Argued April 19, 2000 Decided June 12, 2000
- Full case name: Carter v. United States
- Citations: 530 U.S. 255 (more)

Court membership
- Chief Justice William Rehnquist Associate Justices John P. Stevens · Sandra Day O'Connor Antonin Scalia · Anthony Kennedy David Souter · Clarence Thomas Ruth Bader Ginsburg · Stephen Breyer

Case opinions
- Majority: Thomas, joined by Rehnquist, O'Connor, Scalia, Kennedy
- Dissent: Ginsburg, joined by Stevens, Souter, Breyer

= Carter v. United States (2000) =

2000 US Supreme Court case

Carter v. United States, 530 U.S. 255 (2000), is a United States Supreme Court case in which the Court held, 5–4, that a defendant charged with robbery under 18 USC § 2113(a) was not entitled to a jury instruction to consider the lesser offense of larceny under 18 USC § 2113(b).

==Background==
In 1997, Floyd J. Carter entered a bank unarmed, removed nearly $16,000, and fled the scene.
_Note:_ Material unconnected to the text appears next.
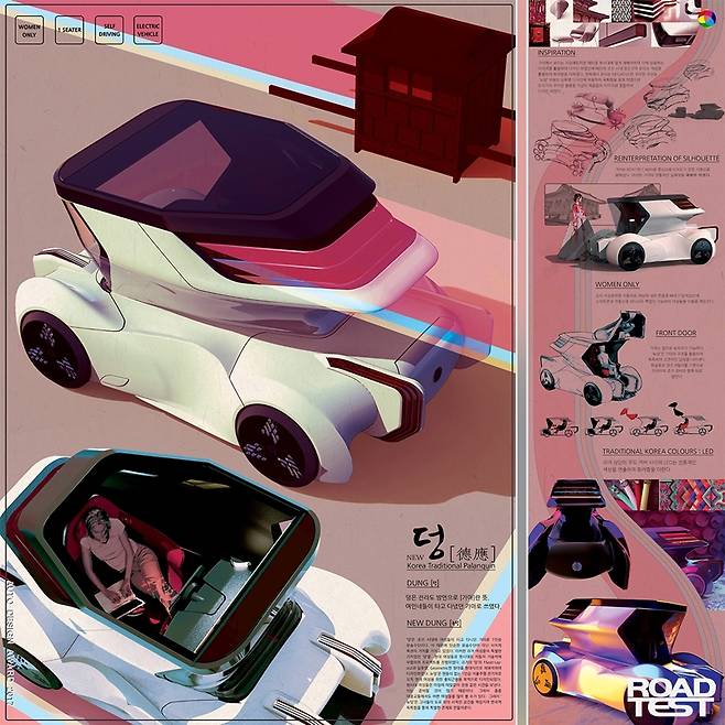 영예의 대상은 한서대학교 산업디자인과에 재학 중인 조정인 씨가 거머쥐었다. 수상작인 <덩[德應] Korea Traditional Palanquin>은 조선 시대 여성들이 타고 다니던 가마의 한 종류인 ‘덩’이라는 운송수단에서 영감을 얻었다. 덩의 역할과 조형 언어들을 밑바탕 삼아 미래의 1인용 자율주행 자동차로 재해석했다. 가마와 비슷한 승하차 방식이 흥미롭다.

In the process, Carter pushed one customer and startled others. Carter was charged with federal bank robbery under 18 USC § 2113(a), which punishes anyone who "by force and violence, or by intimidation, takes... any... thing of value [from a] bank." Carter pleaded not guilty on the grounds that he had not used any force, violence, or intimidation to deprive the bank of its money. Carter's defense asked the District Court to instruct the jury to consider whether Carter committed the lesser crime of federal bank larceny under 18 U.S.C. § 2113(b), which provides "[w]hoever takes and carries away, with intent to steal or purloin, any... thing of value exceeding $1,000 [from a]... bank." The District Court denied the motion and the jury returned a guilty verdict on the count of robbery. The Third Circuit Court of Appeals affirmed the judgment, and the Supreme Court granted certiorari.

==Opinion of the Court==
Justice Thomas delivered the opinion for the majority. The majority applied Rule 31(c) of the Federal Rules of Criminal Procedure to require a defendant requesting a jury instruction of a lesser offense to prove that the elements of the lesser offense are a subset of the elements of the charged offense. The Court evaluated whether the elements of the crime of larceny under § 2113(b) were a subset of the elements of robbery under § 2113(a). The Court found several elements of larceny ("with intent to steal or purloin," "tak[e] and carr[y] away" and "value exceeding $1,000") that were not elements of robbery. The opinion relied on the legislative history of § 2113(a), which was revised in 1948 to delete the word 'feloniously'. The majority interpreted that deletion as the removal of the intent requirement, and found similar Congressional intent in the "take" and value elements under § 2133(b). Carter argued that Congress intended for § 2113(b) to be a lesser crime of § 2113(a) because § 2113(c) applied only whenever § 2113(b) was violated and the Court rejected this argument. The Court declined to apply a less rigid test to determine whether § 2113(b) was a lesser offense, citing its prior holding in Schmuck v. United States. The majority also rejected a common law interpretation of the statutes, holding that Congress had not appropriated common law terms in the statute but had instead defined the crimes expressly.
Justice Ginsburg, with Stevens, Souter, and Breyer, dissented from the opinion. The dissent cited the common law influence on the statute in question as well as the preceding laws in its development as indication that Congress intended § 2133(b) to be a lesser offense.

==Impact==
The Carter opinion showed that the Court was willing to abandon common law interpretation principles for some federal statutes or statutory provisions by asserting that "a 'cluster of ideas' from the common law should be imported into statutory text only when Congress employs a common-law term". This opinion was a further rejection of the idea that federal legislation is written with a "common law background." The decision can also be characterized as a more textualist approach to statutory interpretation.